Monday, September 16

8:30 a.m. Registration

1 OPENING REMARKS

2 Tutorial: Causal Inference Meets Quantum Physics

Can the effectiveness of a medical treatment be determined without the expense of a randomized controlled trial? Can the impact of a new policy be disentangled from other factors that happen to vary at the same time? Questions such as these are the purview of the field of causal inference, a general-purpose science of cause and effect, applicable in domains ranging from epidemiology to economics. Researchers in this field seek in particular to find techniques for extracting causal conclusions from statistical data. Meanwhile, one of the most significant results in the foundations of quantum theory—Bell’s theorem—can also be understood as an attempt to disentangle correlation and causation. Recently, it has been recognized that Bell’s result is an early foray into the field of causal inference and that the insights derived from almost 60 years of research on his theorem can supplement and improve upon state-of-the-art causal inference techniques. In the other direction, the conceptual framework developed by causal inference researchers provides a fruitful new perspective on what could possibly count as a satisfactory causal explanation of the quantum correlations observed in Bell experiments. Efforts to elaborate upon these connections have led to an exciting flow of techniques and insights across the disciplinary divide. This tutorial will highlight some of what is happening at the intersection of these two fields.

Speaker: Robert Spekkens (Perimeter Institute)

10:20 a.m. Break

3 Counterfactual and Graphical Frameworks for Causal Modeling

In the Statistics literature there are three main frameworks for causal modeling: counterfactuals (aka potential outcomes), non-parametric structural equation models (NPSEMs) and graphs (aka path diagrams or causal Bayes nets). These approaches are similar and, in certain specific respects, equivalent. However, there are important conceptual differences and each formulation has its own strengths and weaknesses. These divergences are of relevance both in theory and when the approaches are applied in practice. This talk will introduce the different frameworks, and describe, through examples, both the commonalities and dissimilarities. In particular, we will see that the “default” assumptions within these frameworks lead to different identification results when quantifying mediation and, more generally, path-specific effects.

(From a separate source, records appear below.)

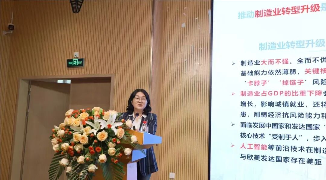 接着,谢卫红教授带来了“人工智能赋能制造业领域研究”的报告。她指出,制造业在全球经济中始终占据主导地位,在人工智能的推动下,更成为构建新质生产力的关键力量。随着人工智能技术的广泛应用,传统工作和技能正逐步被替代,社会对人才的能力提出更高要求,掌握先进技能已成为参与未来分工的重要基础。企业在采纳人工智能技术过程中,受到数字化转型意愿、研发投入、创新能力、产业集中度与组织资源等因素影响。同时,政府支持也发挥着积极的推动作用。她提醒,在人工智能技术大规模落地的过程中,必须高度重视数据安全问题。最后,她鼓励同学们主动学习人工智能相关知识,不断提升自身适应力,以更好地应对未来产业变革带来的挑战。
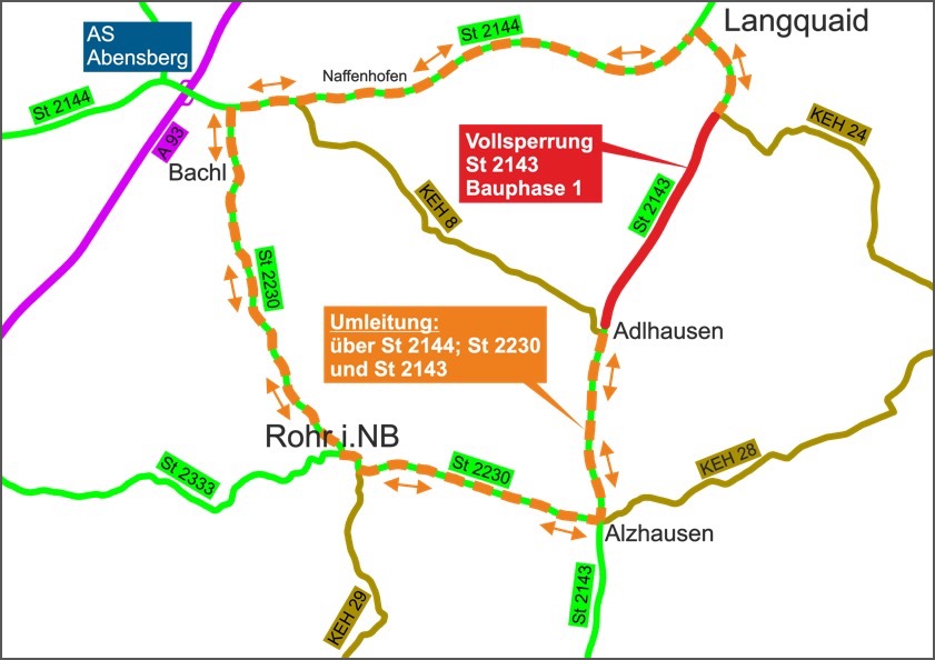 "In der ersten Bauphase wird von der Einmündung der KEH8 bei Adlhausen bis zur Einmündung der KEH24 der Asphalt-Oberbau verstärkt", erklärt das staatliche Bauamt. "Im Anschluss daran wird in der zweiten Bauphase vom Anschluss Staatsstraße 2144 bei Langquaid bis zur KEH8 bei Adlhausen eine neue Deckschicht eingebaut." Während der ersten Bauphase verlaufe die Umleitung wie folgt: Von der Staatsstraße 2143 gehe es auf die Staatsstraße 2230 über Rohr in Richtung Bachl, hier weiter auf die Staatsstraße 2144 in Richtung Langquaid und dann zurück auf die Staatsstraße 2143. Die Umleitung gelte analog in die entgegengesetzte Richtung. Die Umleitungs-Empfehlung für die zweite Bauphase werde rechtzeitig bekannt gegeben.
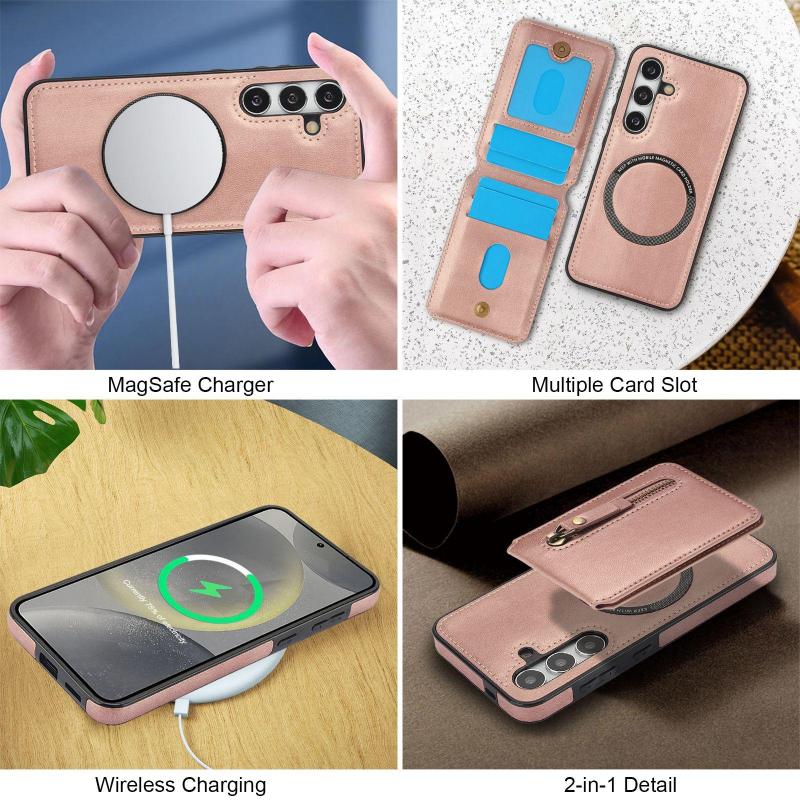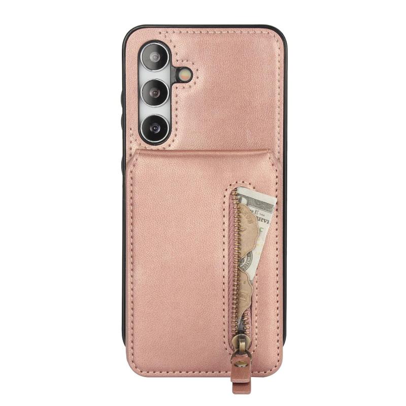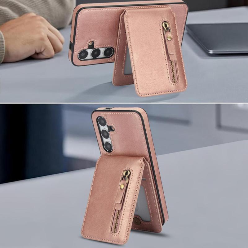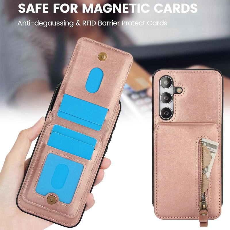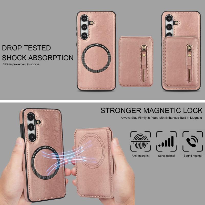 For Samsung Galaxy A35 5G Zipper Wallet Split MagSafe Leather Back Phone Case(Rose Gold)
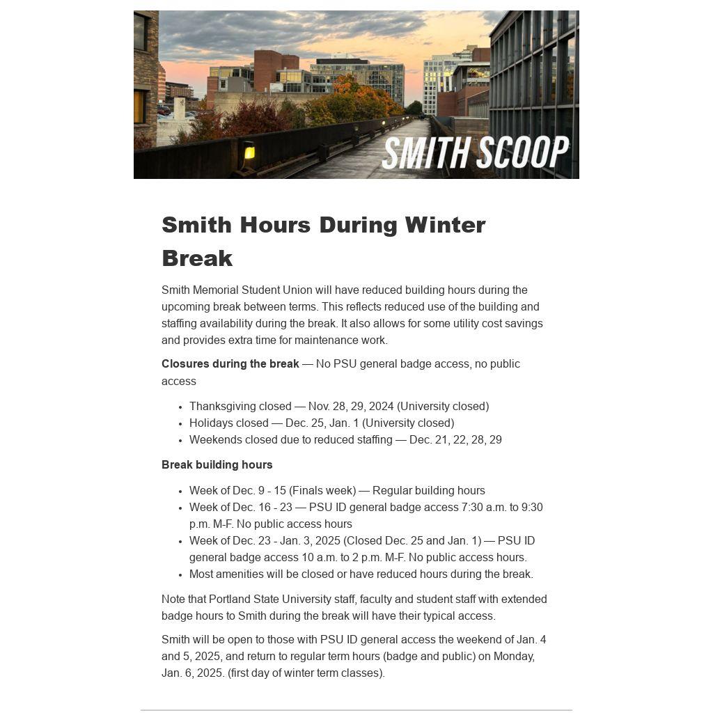 Note that Portland State University staff, faculty and student staff with extended badge hours to Smith during the break will have their typical access.
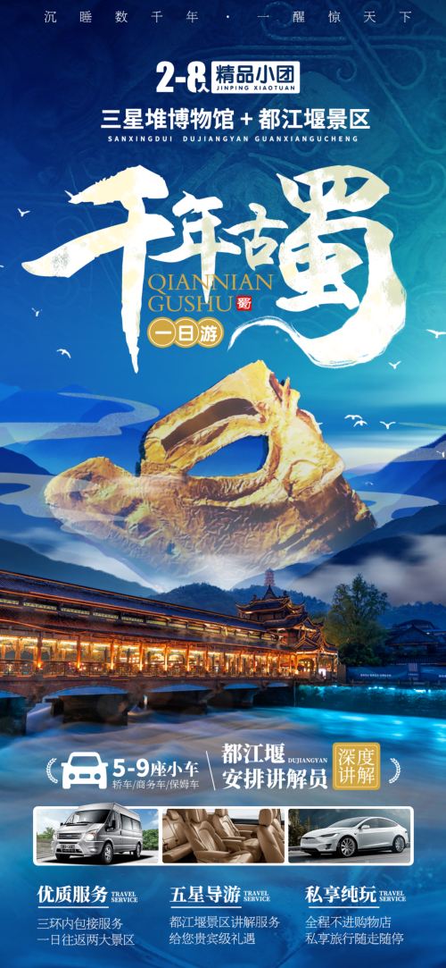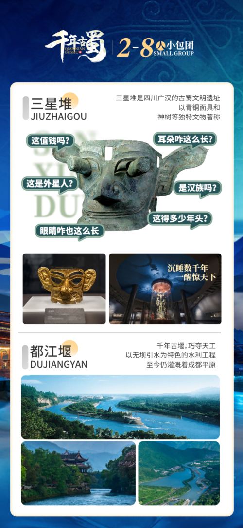 千年古蜀 三星堆 都江堰一日游2-8人精品小团一日游【深度讲解】

Speaker: Thomas Richardson (University of Washington)

4 Bipartite graphical causal models: beyond causal Bayesian networks and structural causal models

Based on the immense popularity of causal Bayesian networks and structural causal models, one might expect that these representations are appropriate to describe the causal semantics of any real-world system, at least in principle. In this talk, I will argue that this is not the case, and motivate the study of more general causal modeling frameworks. In particular, I will discuss bipartite graphical causal models.

Real-world complex systems are often modelled by systems of equations with endogenous and independent exogenous random variables. Such models have a long tradition in physics and engineering. The structure of such systems of equations can be encoded by a bipartite graph, with variable and equation nodes that are adjacent if a variable appears in an equation. I will show how one can use Simon’s causal ordering algorithm and the Dulmage-Mendelsohn decomposition to derive a Markov property that states the conditional independence for (distributions of) solutions of the equations in terms of the bipartite graph. I will then show how this Markov property gives rise to a do-calculus for bipartite graphical causal models, providing these with a refined causal interpretation.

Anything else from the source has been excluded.